For any Docker image >3 GB, the correct FIRST move is docker exec <container> du -sh /path/to/site-packages/* — bloat is almost always concentrated in one accidental dep, not spread across the layer set. Multi-stage is the vehicle; the lever is usually one dep pin or one extra removal.

Three patterns from 20-Apr-2026 Wave 1 rebuild (16.21 GB reclaimed across three images)
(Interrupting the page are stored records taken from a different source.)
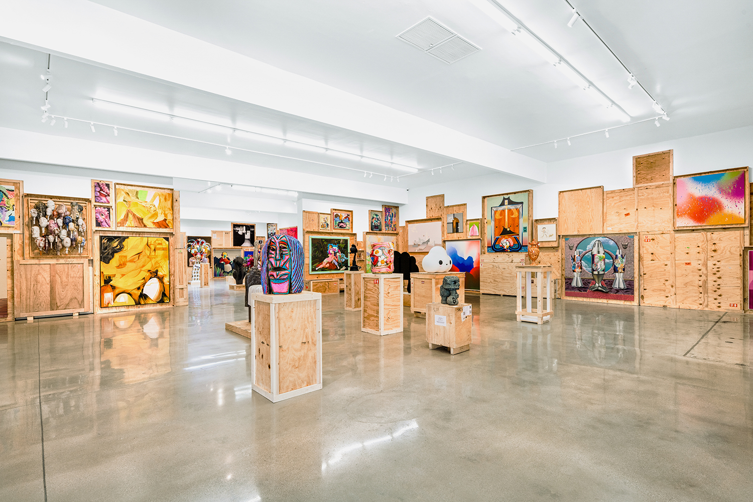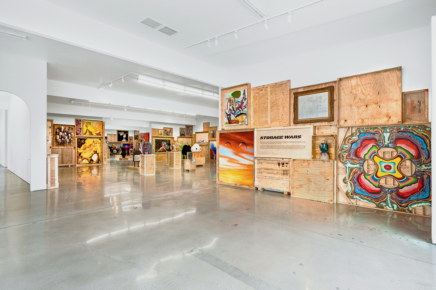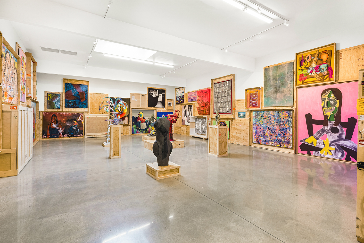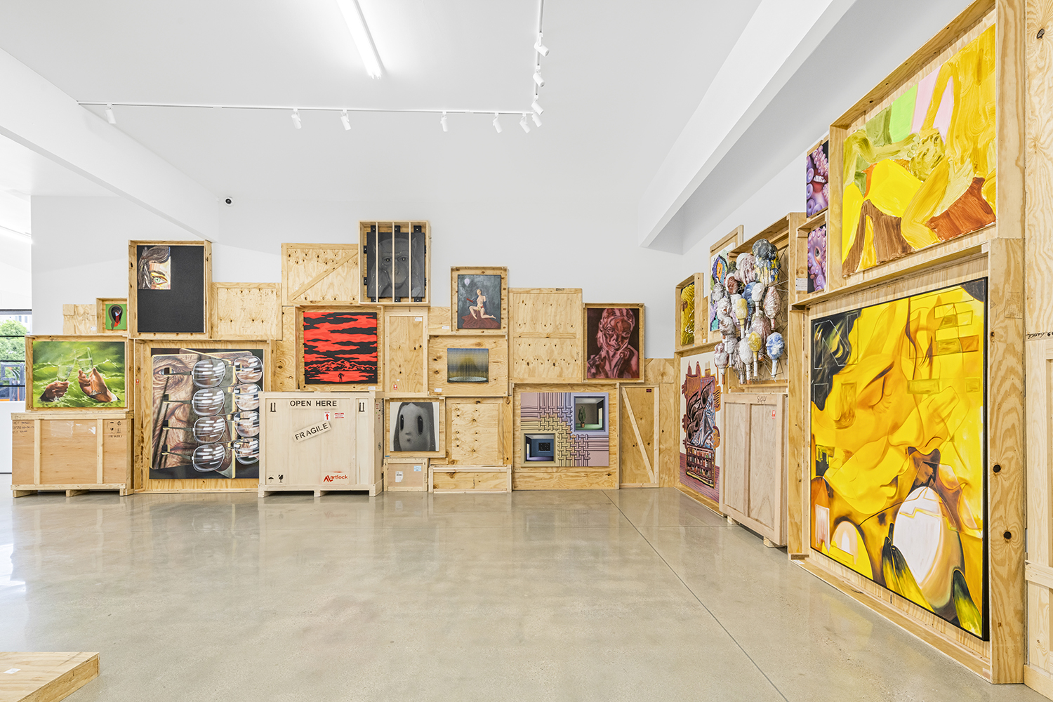 We stack the crates to the ceiling and open them! This long-standing curatorial project came from the grind of art fairs where we would uncrate an artwork, have it out for just a few days, and then pack it back up in its little wood box. It came from selling art to collectors who had the works ship directly to their storage; and it came from working at art museums where I got to poke around the amazing racks where true masterpieces were squirreled away from the public eye.
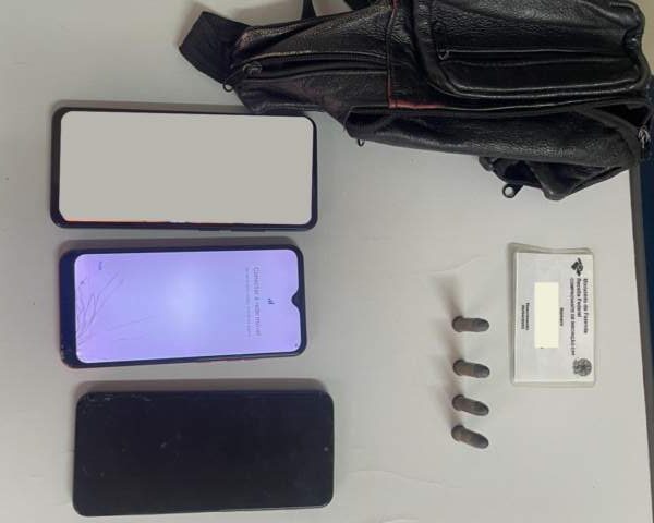 Diante da denúncia, as guarnições se deslocaram até o endereço, onde a busca domiciliar foi realizada após a devida autorização da responsável legal pelo imóvel. No interior da residência, os militares encontraram e apreenderam quatro munições de calibre .38 e três aparelhos celulares de origem suspeita.
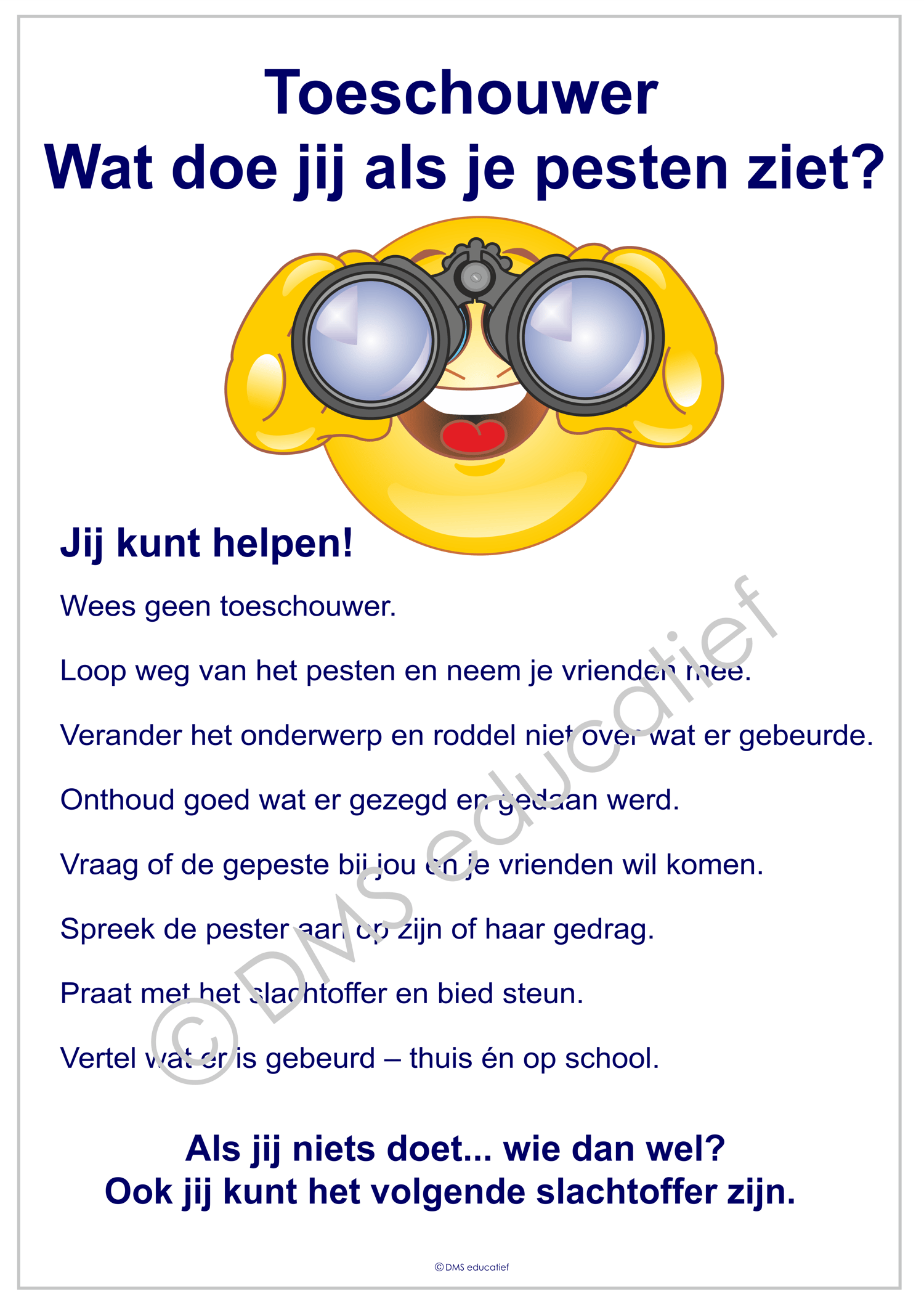 Dit krachtige en overzichtelijke A3-affiche is speciaal ontworpen om leerlingen bewust te maken van hun rol als toeschouwer bij pesten. Met korte, duidelijke aanwijzingen worden kinderen aangemoedigd om in actie te komen, steun te bieden aan het slachtoffer en pesten niet te accepteren. Een echte blikvanger voor in de klas, op de gang of in de schoolbibliotheek – ideaal als aanvulling op lessen rond sociaal gedrag, groepsvorming of tijdens de Week tegen Pesten.
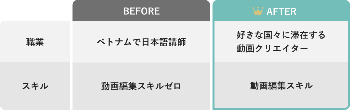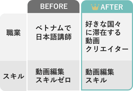 しかし、「動画編集で稼ぐ正しい方法」に気づいてからは、収入が増え月収100万円を達成。今では累計200名以上の動画編集者を直接指導して、副業やフリーランスでの収益化に成功。「動画編集の学習で失敗する人を1人でも減らしたい」という想いで、無料セミナーや動画編集スクールを運営中。

Root cause	Platform	Before	After	Fix lever
`camel-ai` pulled torch-CUDA default	MiroFish	5.80 GB	1.41 GB (76% ↓)	Pre-install `torch` from `https://download.pytorch.org/whl/cpu` BEFORE `uv pip install -r pyproject.toml` — camel-ai sees torch present and skips CUDA resolve
`--extra providers` pulled sentence-transformers → torch → CUDA	Graphiti MCP	5.65 GB	0.41 GB (93% ↓)	Drop `--extra providers`, install only the actually-used provider (`google-genai`). Sentence-transformers unused because embeddings go through Gemini API, not local model
Build toolchain retained in runtime + dev-only node_modules survived Vite build	ORACLE Hermes	4.89 GB	2.10 GB (57% ↓)	Multi-stage: builder keeps `build-essential`/`python3-dev`/`libffi-dev`/`gcc`; runtime drops them. Strip `web/node_modules` post-build

The general pattern

Profile first: docker exec <name> du -sh /opt/<app>/.venv/lib/python*/site-packages/* | sort -rh | head -15
Identify the outlier: typically ONE package is 50%+ of site-packages — torch+CUDA (GPU stack on CPU VPS), sentence-transformers (unused embedder), playwright-with-browsers (if only API used)
Check the dep chain: importlib.metadata.requires("<bloat-package>") — confirms what pulls it
Pin or drop: either install a CPU/slim variant via --index-url before the main resolve, OR remove the offending extra, OR cherry-pick the one sub-package you actually use
Multi-stage after: only now does splitting builder/runtime matter; it’s the 10-30% polish on top of the 70-90% win from the dep fix
Backup anchor: cp Dockerfile Dockerfile.pre-slim.<YYYYMMDD> before edit — 7-day rollback window per Clause B of the dead-weight rule

When this does NOT apply

Image is already small (<1.5 GB) — gains are diminishing, multi-stage still helps if toolchain is in runtime
All deps are legitimately used at runtime — then the bloat isn’t “dead weight”, it’s the actual cost of the capability (playwright chromium + ffmpeg + node in oracle-hermes is the right shape at 2 GB)
Legacy pip-editable install — .egg-link files reference source paths, so site-packages AND source must move together across stages (oracle-hermes pattern)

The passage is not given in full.